I was born with a food addiction but it did not show up until later. I was the son of an Air Force officer so we moved around a lot when I was growing up. My father’s idea of a diet was to not put ice cream on his apple pie—he was always in shape but did not work out. My mother did have a weight problem—I guess I got her genes. Which brings up an important point – you did not choose to be overweight. You were born into food addiction. You may have a genetic predisposition for slow metabolism; a family that had overweight issues, or an inborn personality style that makes you crave and eat lots of food—or all of the above. And we all live in a culture that encourages people to overeat and eat the wrong things, health wise.
I don’t remember much before age 8 or 9, but I think all was fine with no major trauma and fine relationships with my parents. When I was 8 or 9 I began to become overweight – probably part of the answer was I now was near stores in the USA after having lived on a military base in Okinawa. I was also able to ride my bike to those stores. My father said later that he never should have given me that second box lunch I asked him for on an airplane flight we took back from Okinawa to live again in the USA. My parents would fight at times over how to deal with my weight problem not surprisingly. As you might imagine, my father—a boxing champion and military officer—was not thrilled about having an obese son. I guess maybe getting negative attention was better than no attention at all is all I can figure on that count. I had a miserable time growing up for the most part from age 8 or 9 on with my food addiction only getting worse as I got older.

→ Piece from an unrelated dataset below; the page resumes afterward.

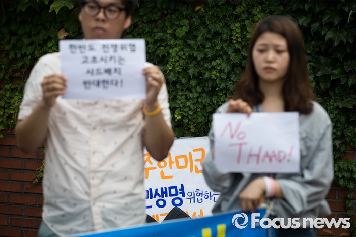 (서울=포커스뉴스) 좋은 대한민국 만들기 대학생 운동본부' 소속 학생들이 15일 오전 서울 용산 미군 기지 앞에서 '사드 배치 반대 48시간 대학생 긴급농성 선포' 기자회견을 열고 있다. 이날 대학생들은 기자회견을 마친 후 용산 미군 기지 2번 게이트 앞에서 48시간 농성에 들어갔다.
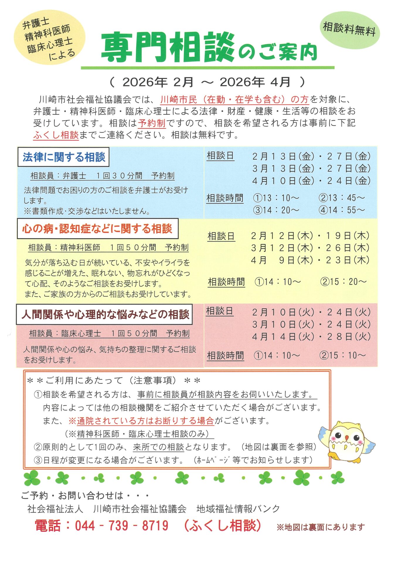 弁護士 精神科医師 臨床心理士による 専門相談のご案内(2026年2月~2026年4月)

By age 11, I weighed 115 pounds. By age 18, I was 275 pounds. I never dated as a teenager—I even stayed home on prom night. I had a miserable time, given how few people were that overweight back then—the teasing from other kids was relentless at times. As a young man I remember I would go to Burger King (one of my fast food addictions) and order two Whoppers and two chocolate shakes to go, hoping the people there would think I was buying for two. I wasn’t—it was all for me. Not an unusual behavior in food addiction. I would also not go home from work each day without two quart bottles of Coke since I drank about that much each day. I topped out at something over 325 pounds. I was pretty sick and tired of being a bit of a freak and being sick and tired.